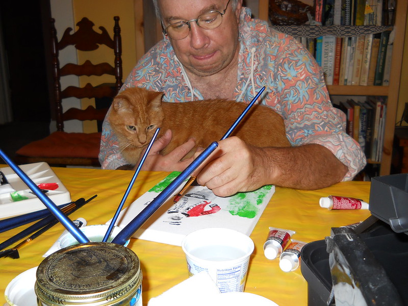 Sandy is very excited about painting now and I am thrilled to have an art companion! We cleared off the dining room table, put a plastic tablecloth over it, and had an art date yesterday afternoon. He has decided to try acrylics, and chose subjects that are definitely NOT beginner material, but the point is that he is enjoying it and I was quite impressed with his work yesterday. Of course, Theo had to get into his lap to check out his work.
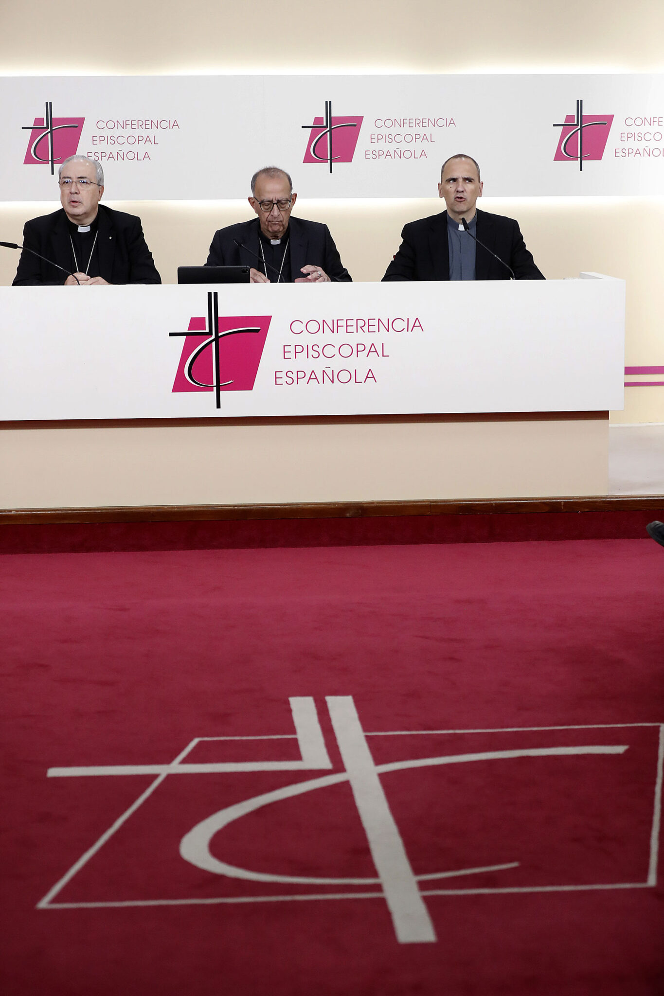 MADRID, 31/10/2023.- El presidente de la Conferencia Episcopal Española, Juan José Omella (c), y el presidente, Jesús Díaz Sariego (i), ofrece una rueda de prensa tras la Asamblea Plenaria extraordinaria para analizar el informe realizado por el Defensor del Pueblo sobre los abusos sexuales a menores en el seno de la Iglesia, este martes en Madrid. EFE/ J. P. Gandul
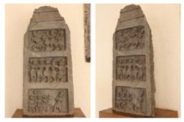 | Description / विवरण | Inscribed Viragal slab with three sculptured panels illustrate voluntary immolation of a Hero by fire representing the hero seated with folded hands amidst the flames. Musician on the left side and a person in an adoring attitude accompany the act of self immolation. In the middle panels the hero is being lifted to heaven by four apsaras celestial damsels , two of them have chamaras in their hands. The upper most panel depicts the hero on his way to heaven on horseback in place of his usual seat in heaven. The top portion of the slab replicates a two tiered south Indian temple sikhara superstructure . |
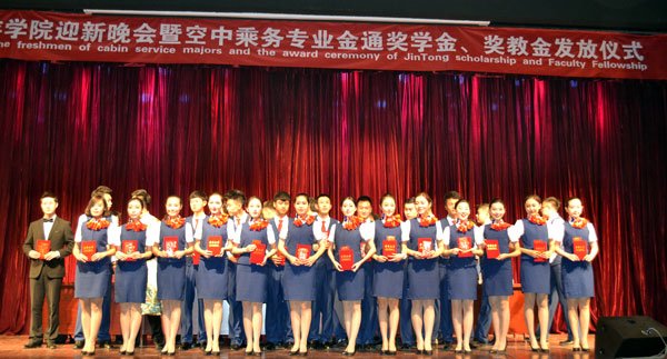 為進(jìn)一步加強(qiáng)內(nèi)蒙古師范大學(xué)旅游學(xué)院空乘專業(yè)的學(xué)風(fēng)建設(shè),鼓勵全院師生創(chuàng)先爭優(yōu),2014年10月23日晚,內(nèi)蒙古師范大學(xué)旅游學(xué)院迎新晚會暨空中乘務(wù)專業(yè)金通獎學(xué)金、獎教金頒發(fā)儀式在內(nèi)蒙古師范大學(xué)學(xué)院樓報告廳隆重舉行。
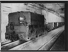 Battery locomotive shaft drift 5/4 with 10 cwt tubs. 25th October 1954. Easington Colliery.
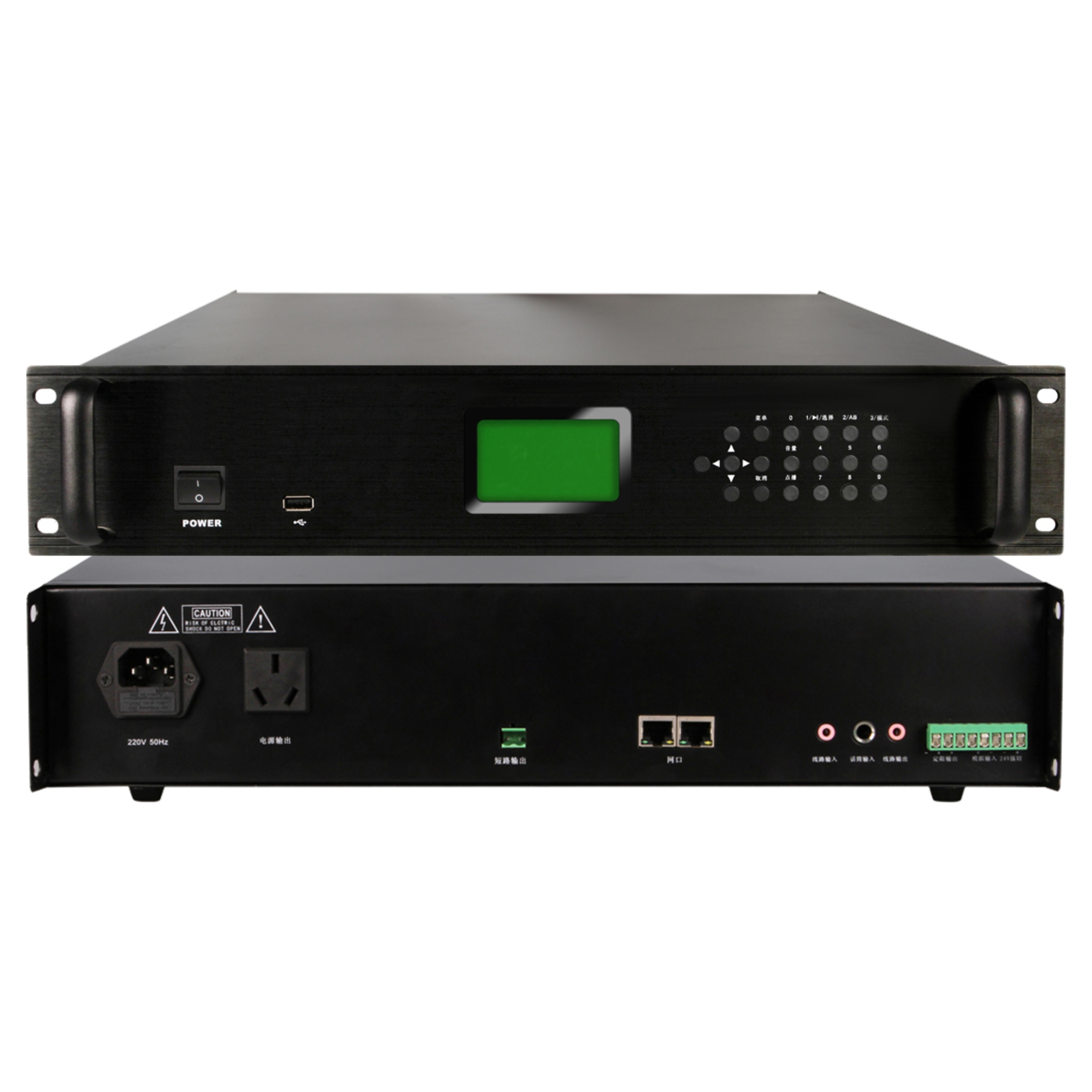 1. Rack-type design, 3-inch bright LCD display (128*64), multi-function light touch selection button. It has the function of receiving broadcast and calling broadcast.
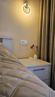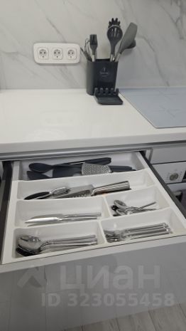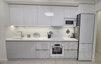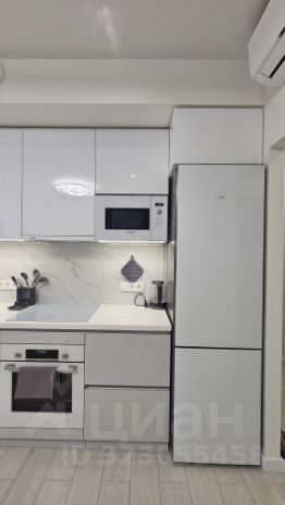 Просторная кухня совмещена с гостиной площадью 18 кв. м и оснащена всей необходимой мебелью и техникой (вся техника в квартире Bosch): холодильником, микроволновой печью, варочной панелью, духовым шкафом, посудомоечной машиной. В комнате и кухне-гостиной есть кондиционер. В квартире есть всё необходимое для комфортного проживания!
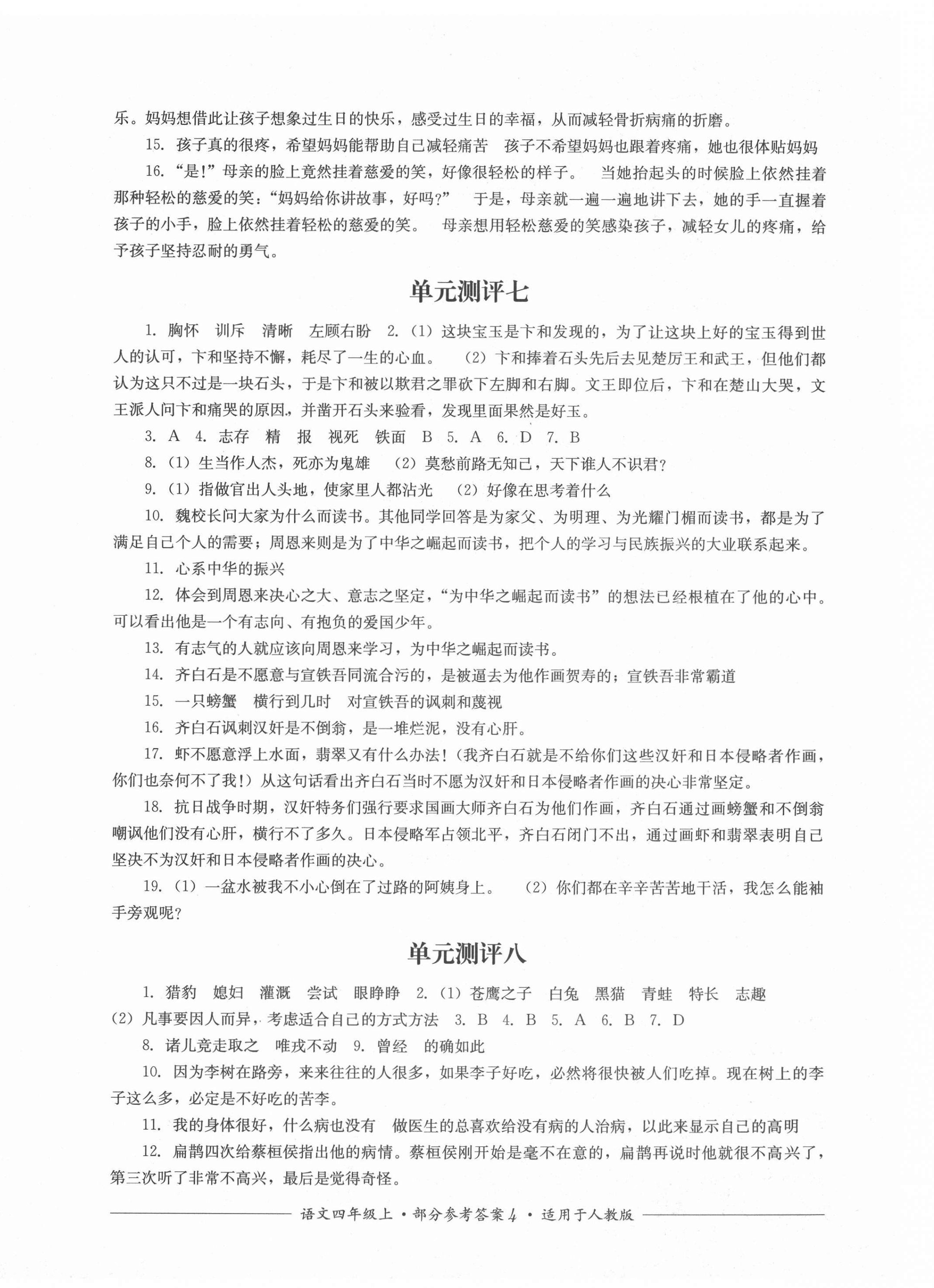 2021年单元测评四川教育出版社四年级语文上册人教版

> AIM OF THE EXERCISE: Please set down only the lines from the first line of the records above through the line that has "MADRID, 31/10/2023.- El", exactly, and not the pictures.

> EXERCISE OUTPUT:
 Sandy is very excited about painting now and I am thrilled to have an art companion! We cleared off the dining room table, put a plastic tablecloth over it, and had an art date yesterday afternoon. He has decided to try acrylics, and chose subjects that are definitely NOT beginner material, but the point is that he is enjoying it and I was quite impressed with his work yesterday. Of course, Theo had to get into his lap to check out his work.
 MADRID, 31/10/2023.- El presidente de la Conferencia Episcopal Española, Juan José Omella (c), y el presidente, Jesús Díaz Sariego (i), ofrece una rueda de prensa tras la Asamblea Plenaria extraordinaria para analizar el informe realizado por el Defensor del Pueblo sobre los abusos sexuales a menores en el seno de la Iglesia, este martes en Madrid. EFE/ J. P. Gandul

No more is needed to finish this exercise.